The line containing "Rośliny: Drzewa, Brzozy, Góry, Jezioro, Promienie" and each line after it, through the final line of the data, are to be retyped exactly, with pictures left out.

- [RECORDED INFORMATION]

┌──

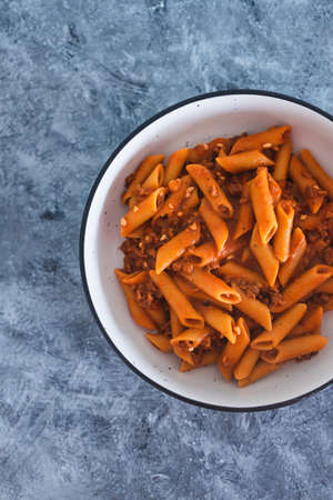 healthy plant-based food recipes concept, vegan penne pasta with red pesto and bean bolognaise sauce
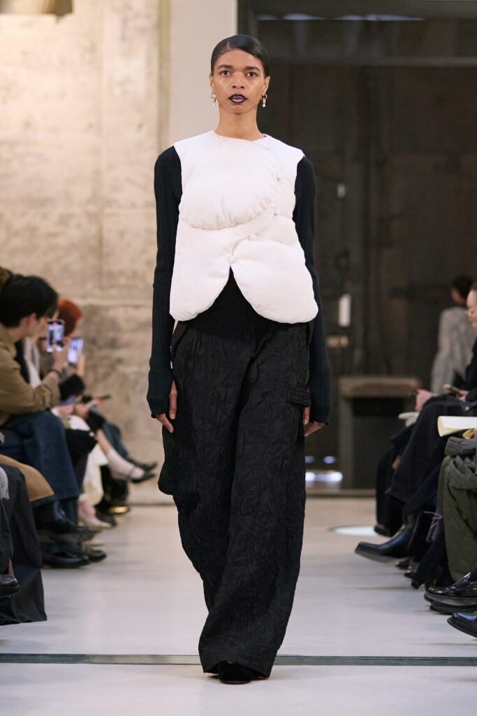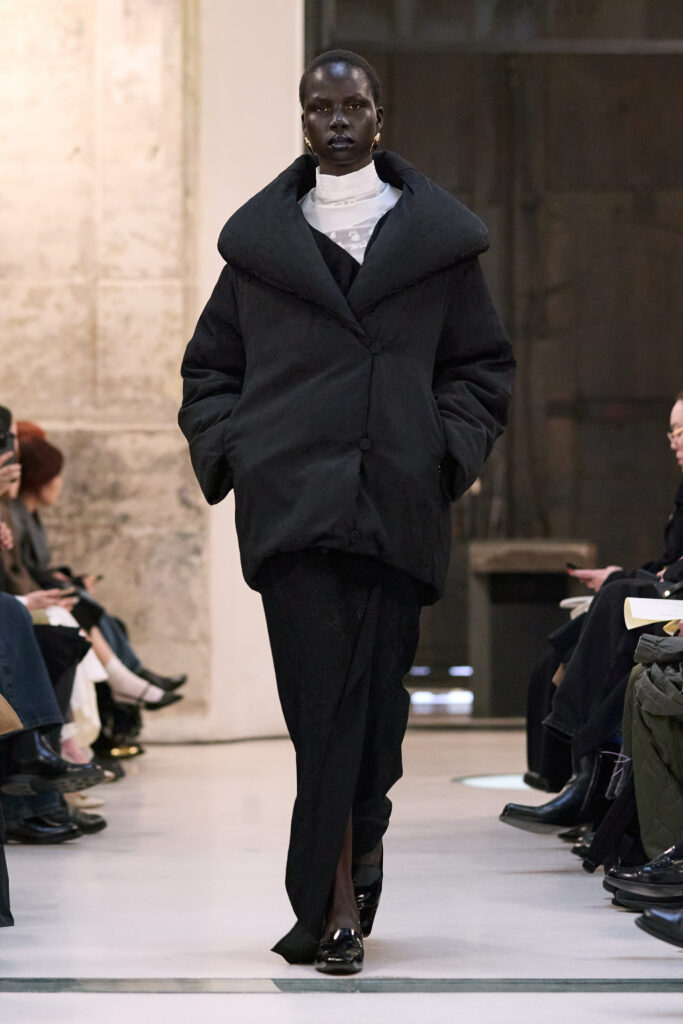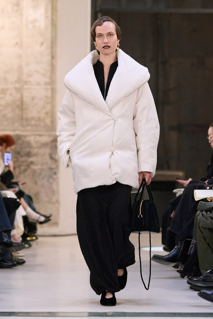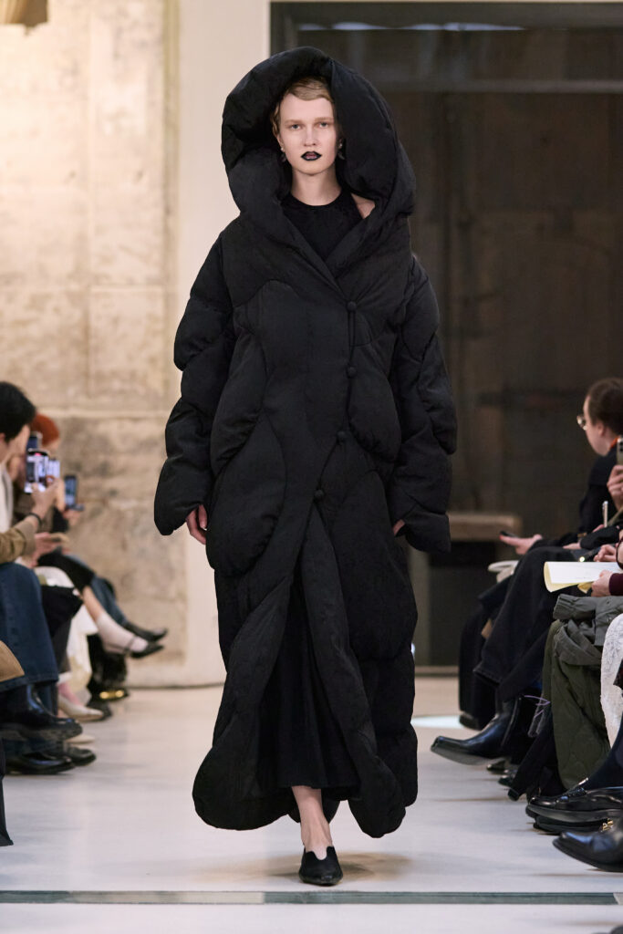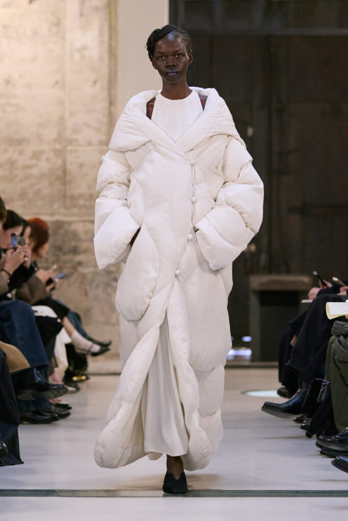 Les volumes de la saison s’inspirent de pierres polies, de nuages de sucre filé et de kagami mochi, ces offrandes japonaises en forme de sphères superposées. Le travail du matelassage façon down atteint un degré de technicité rare : chaque composant est fusionné avec une précision d’orfèvre, créant des volumes vivants et organiques.
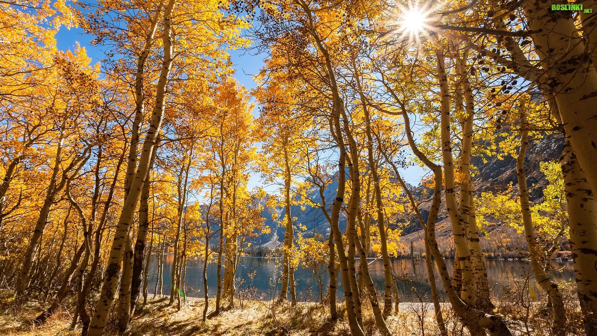 Rośliny: Drzewa, Brzozy, Góry, Jezioro, Promienie słońca
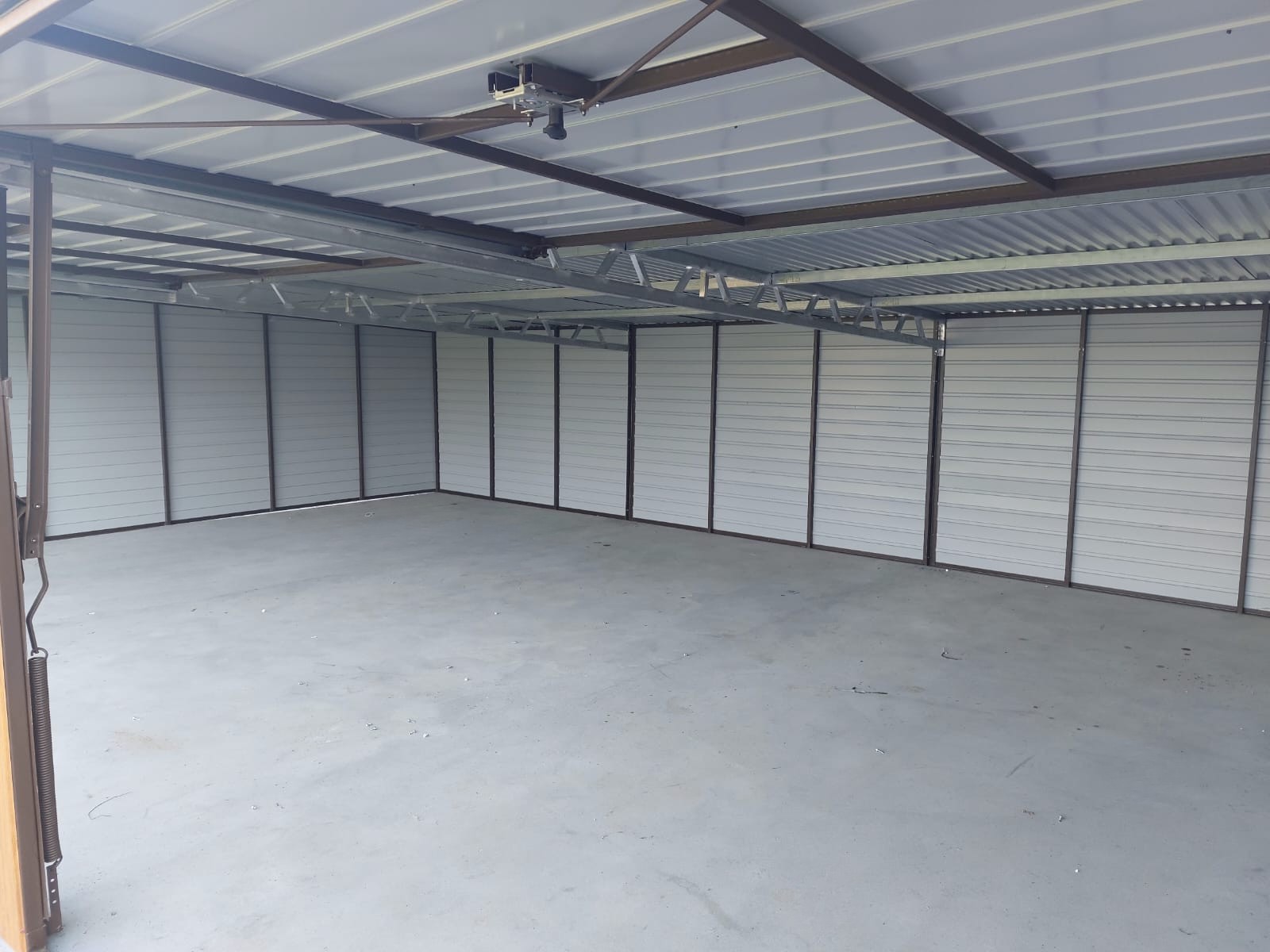 - konstrukcja w garażu jest malowana farbą podkładową na brązowo, zabezpieczenie antykorozyjne konstrukcji w zakresie klienta

└──

- [REPLY]
 Rośliny: Drzewa, Brzozy, Góry, Jezioro, Promienie słońca
 - konstrukcja w garażu jest malowana farbą podkładową na brązowo, zabezpieczenie antykorozyjne konstrukcji w zakresie klienta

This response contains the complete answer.